La corte si pronunciò così a questo proposito.

La Bundesbank potrebbe non partecipare ulteriormente all’attuazione e all’esecuzione delle decisioni della Bce, a meno che il consiglio direttivo della Bce adotti una nuova decisione che dimostri in una maniera comprensibile e sostanziata che gli obbiettivi di politica monetaria perseguiti dall’acquisto di titoli del debito pubblico non siano sproporzionati rispetto agli effetti fiscali e di politica economica del programma.”

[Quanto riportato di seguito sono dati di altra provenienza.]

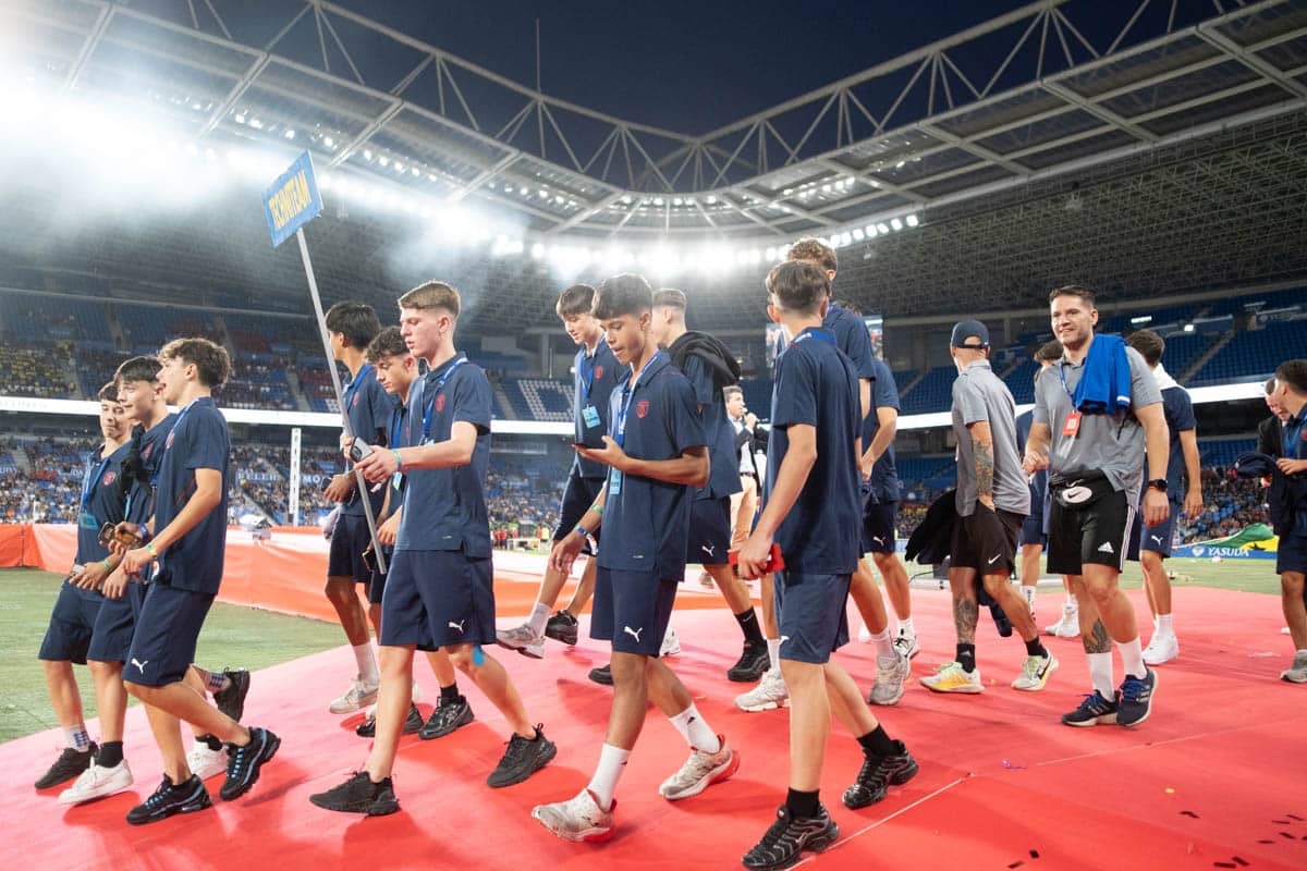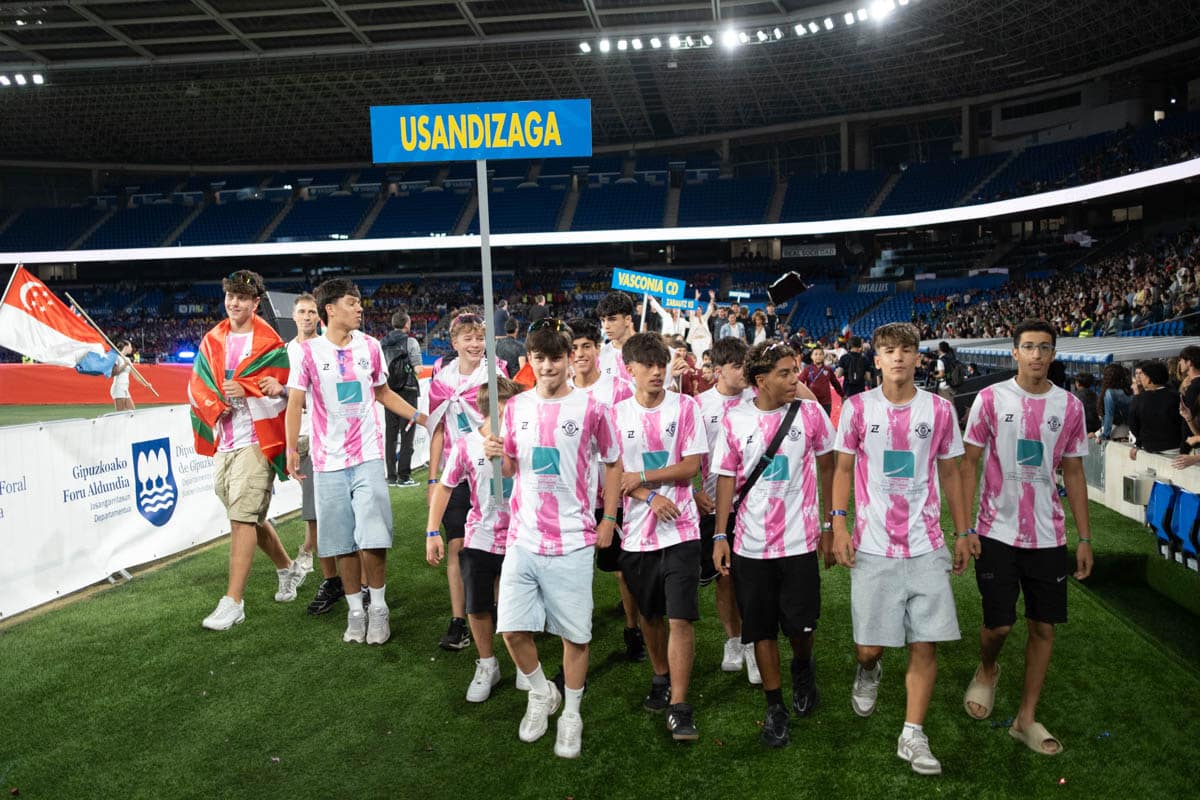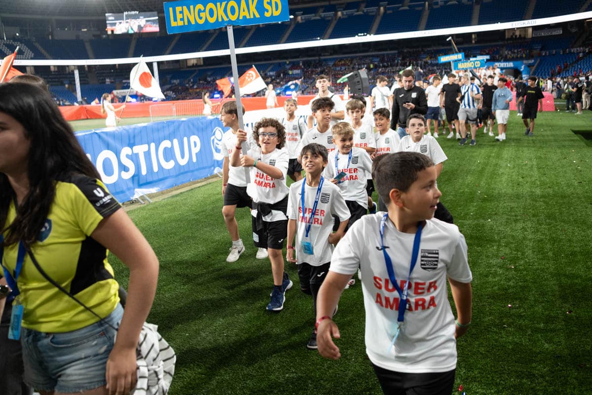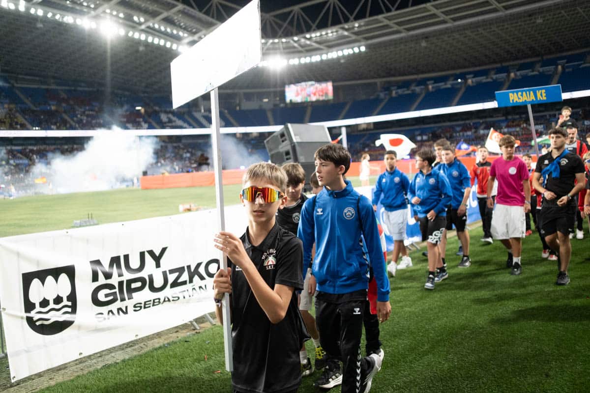 La Donosti Cup 2025 ha arrancado este martes por la noche con una espectacular ceremonia de inauguración en el Reale Arena. El tradicional desfile internacional de equipos, las actuaciones musicales -con Leire Martínez como invitada especial- y los efectos de luz y pirotecnia marcaron el inicio de la edición más internacional del torneo, que reunirá a 900 equipos de 30 países hasta el domingo 13 de julio.

Gli effetti della sentenza sono stati pari a quelli di un terremoto aprendo alla possibilità concreta di una fine della partecipazione della Germania all’acquisto dei titoli.

L’uscita della Bundesbank farebbe crollare l’euro

A Francoforte quindi avrebbero approntato un piano per sopperire alla mancata partecipazione della Bundesbank al QE, imponendo alle altre banche centrali dell’eurozona di acquistare i titoli tedeschi.

Il principio alla base dell’acquisto dei titoli del debito pubblico dei Paesi dell’euro è stato quello dell’acquisto per quota parte. I titoli sono stati acquistati dalla Bce in base alle quote detenute dalle singole banche centrali che partecipano all’azionariato dell’istituto di Francoforte.




La Bundesbank, la banca centrale tedesca, è il primo azionista della Bce, e la Bce quindi ha comprato in proporzione maggiori i titoli del debito pubblico tedeschi, ovvero i bund.

Se la Germania esce da questo schema, è praticamente impossibile che il programma di acquisto dei titoli del debito dei Paesi dell’eurozona possa andare avanti.

I bund tedeschi servono da riferimento per tutti gli altri. Il famigerato spread si basa sul differenziale di rendimento tra i titoli tedeschi e tutti gli altri dell’eurozona.

Se si tolgono questi, è impensabile che il programma possa andare avanti perchè verrebbe meno il parametro di riferimento principale al quale fanno riferimento tutti gli altri titoli di Stato dei Paesi appartenenti alla moneta unica.

L’intera struttura crollerebbe su sè stessa perchè verrebbe meno la partecipazione del suo pilastro principale.

Senza la Germania, questa già pericolante struttura non può semplicemente sussistere.

La Bce quindi sarebbe già pronta a denunciare la Germania davanti alla Corte di Giustizia UE per poterla eventualmente costringere di nuovo a rientrare nel programma.

Ed è una possibilità quanto mai concreta. La stessa Ursula von Der Leyen, rispondendo ad una lettera dell’eurodeputato Sven Giegold, aveva fatto capire che si stava considerando apertamente questa ipotesi.

Anche la Commissione europea sarebbe pronta a portare Berlino davanti ai giudici comunitari per la sentenza della corte costituzionale tedesca.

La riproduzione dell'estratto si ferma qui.